WARNING: This project has been renamed to nucleum. Install using the new name (nucleum) instead.

Readme

Fosterkit

Fosterkit is an opinionated, performance oriented boilerplate for web development. It can be used as-is as a static site builder, or can be configured and integrated into many development environments and sites or apps structures. The extras folder contains configuration details for WordPress based projects to give you a quick start for any new website based on this CMS.

Dependencies

Quick start on a fresh project (empty directory) for creating a WordPress based website

yarn init
yarn add fosterkit
yarn run fosterkit -- init-wp

This will generate a WordPress configuration file (wp-setup.yml) alongside the default src (src) and config (config) files for the front-end build.

Follow the steps prompted by the command line to set up your WordPress installation.

Read Fosterkit and WordPress documentation to find out more details.

Building a static website?

Replace line 3 above with:

yarn run fosterkit -- init

This will create default src and config files in your directory and start compiling and live-updating files! Try editing them and watch your browser auto-update!

Adding to an existing project?

You can generate basic config files with:

yarn run fosterkit -- init-config

Then edit the configs to match the needs of your project.

Node Version Manager

Fosterkit requires at least Node 6. While you can install Node a variety of ways, we highly recommend using nvm to install and manage Node versions.

Yarn

We recommend yarn over npm for a few reasons: yarn.lock files are a lifesaver, modules install way faster, and yarn run for running package.json scripts and node_modules/.bin executables is a nice convenience. It's just better.

Commands

All commands should be run through yarn run. If you haven't switched to yarn yet, now's a great time!

yarn run fosterkit

This is where the magic happens. The perfect workflow. This runs the development task, which starts compiling, watching, and live updating all our files as we change them. BrowserSync will start a server on port 3000, or do whatever you've configured it to do. You'll be able to see live changes in all connected browsers. Don't forget about the additional BrowserSync tools available on port 3001!

yarn run fosterkit -- build

Compiles files for production to your destination directory. JS files are built with Webpack 3 with standard production optimizations (Uglify, etc.). CSS is run through CSSNano. If rev is set to true in your task-config.js file, filenames will be hashed (file.css -> file-a8908d9io20.css) so your server may cache them indefinitely.

NOTE: By default filenames revision is set to false for WordPress production builds. Please refer to Fosterkit and WordPress documentation if you'd like to enable revision.

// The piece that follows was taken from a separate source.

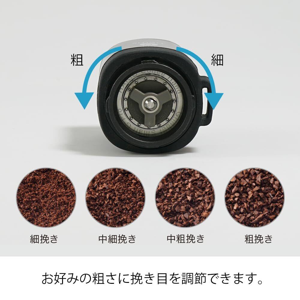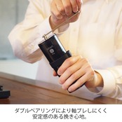 粒度の揃いやすいステンレス製の臼を搭載しています。 ダブルベアリングにより軸ブレしにくく、挽き心地が安定します。 ハンドルをバンド部分に収納できるコンパクトな設計で持ち運びに便利です。 粉受けには挽いた粉の量が一目でわかる目盛り付きです。

yarn run fosterkit -- ghPages

If you are building a static site, and would like to preview it on GitHub pages, this handy script does just that using gulp-gh-pages. Be sure to add or update the homepage property in your package.json to point to your gh-pages url.

It's a good idea to add aliases for these commands to your package.json scripts object.

// package.json
  "scripts": {
    "start": "yarn run fosterkit",
    "build": "yarn run fosterkit -- build"
  }
# Command line
yarn start
yarn run build

Configuration

You may override the default configuration by creating a config folder with the following two files in it: path-config.json and task-config.js. These files will be created by any of the -- init tasks, or you can generate only the config files with the following command:

yarn run fosterkit -- init-config

By default, Fosterkit expects these files to live in a ./config at the root of your project. You may specify an alternative relative location by setting an environment variable:

// package.json
"scripts": {
  "fosterkit": "FOSTERKIT_CONFIG_PATH='./some/location' fosterkit"
}
# command line
yarn run fosterkit

The files must be named path-config.json and task-config.js.

Configuring file structure

path-config.json

This file specifies the src and dest root directories, and src and dest for each task, relative to the configured root. For example, if your source files live in a folder called app, and your compiled files should be output to a folder called static, you'd update the src and dest properties here to reflect that.

Configuring tasks

task-config.js

This file exposes per-task configuration and overrides. At minimum, you just need to set the task to true to enable the task with its default configuration. If you wish to configure a task, provide a configuation object instead.

  • Any task may be disabled by setting the value to false. For example, if your project has its own handling HTML and template engine (WordPress, Craft, etc), you'll want to set html to false in your task-config.
  • All asset tasks have an extensions option that can be used to overwrite the ones that are processed and watched.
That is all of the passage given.